Fig 2Analysis of correlation between national IELTS results and GI scores (n = 15).
Pearson correlation demonstrates statistically significant, albeit minor, correlation between between aggregate GI scores and IELTS scores for the countries where data exists. (A), academic writing: correlation = 0.5485, p = 0.034. (B) general writing: correlation = 0.6009, p = 0.018).
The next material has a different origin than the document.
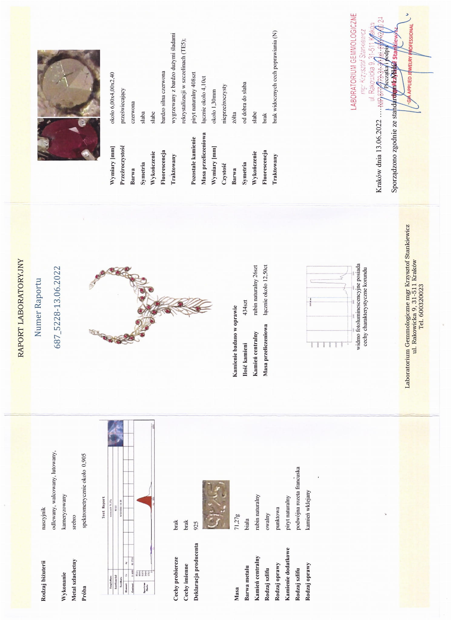 Anzahl Steine: 434 Stk. Zentralstein: Naturrubin: 26 Stk., ca. 12,50 ct, rote Farbe. Sonstige Steine: natürlicher Pyrit: 408 Stk., ca. 4,10 ct., Farbe: gelb. Eine detaillierte Beschreibung der Parameter der Steine finden Sie im Laborbericht - Zertifikat im Foto beigefügt.

Top terms according to discriminatory power (SVM weights).
| Terms for Japanese (nNS) | Weight | Terms for NS | Weight |
|---|---|---|---|
| showed | 0.060 | child | 0.044 |
| although | 0.056 | transplant | 0.036 |
| detected | 0.056 | found to | 0.033 |
| serum | 0.055 | patients had | 0.029 |
| after | 0.050 | secondary | 0.028 |
| having | 0.050 | anemia | 0.028 |
| analyzed | 0.048 | agents | 0.027 |
| because | 0.046 | protocols | 0.026 |
| without | 0.045 | hematologic | 0.025 |
| old | 0.038 | post | 0.025 |
| that the | 0.037 | negative | 0.024 |
| the patient | 0.036 | review | 0.023 |
| transplantation | 0.035 | demonstrated | 0.023 |
| however | 0.035 | consistent | 0.023 |
| year old | 0.034 | compared to | 0.023 |
| was performed | 0.034 | evaluated | 0.023 |
| remission | 0.034 | reviewed | 0.023 |
| infection | 0.034 | well | 0.022 |
| cell transplantation | 0.033 | diagnosed with | 0.022 |
| stem cell transplantation | 0.032 | receiving | 0.022 |
| mutation | 0.032 | other | 0.022 |
| cases | 0.031 | we present | 0.022 |
| course | 0.031 | literature | 0.021 |
| with acute | 0.030 | commonly | 0.021 |
| should be | 0.029 | effects of | 0.021 |
| age of | 0.029 | all patients | 0.021 |
| after the | 0.029 | previously | 0.021 |
| diagnosed | 0.028 | risk of | 0.021 |
| acute | 0.027 | common | 0.021 |
| followed by | 0.027 | survival | 0.021 |
Ranked list of n-grams showing which terms are most significant for differentiating the writing of NS and Japanese researchers in this study. Due to the characteristics of SVM models, weights should only be interpreted as ordinal rankings; no linear relationship should be inferred.
Count/percentage of abstracts with GI score falling in 95%-ile.
| Country | Count | Percentage |
|---|---|---|
| USA | 203 | 10% |
| Canada | 21 | 8% |
| UK | 14 | 5% |
| The Netherlands | 11 | 7% |
| Israel | 10 | 7% |
| Australia | 8 | 11% |
| Italy | 5 | 2% |
| France | 4 | 3% |
| India | 4 | 3% |
| Sweden | 2 | 2% |
| Denmark | 2 | 4% |
| Germany | 2 | 1% |
| Greece | 1 | 1% |
| Turkey | 1 | 0% |
| Switzerland | 1 | 2% |
| Austria | 1 | 2% |
| Norway | 1 | 2% |
Percentage of abstracts with “superior” scores within each country. “Superior” defined to be scores falling within the 95%-ile (i.e., greater than 89). Countries with no abstracts within the 95%-ile have not been included in this table.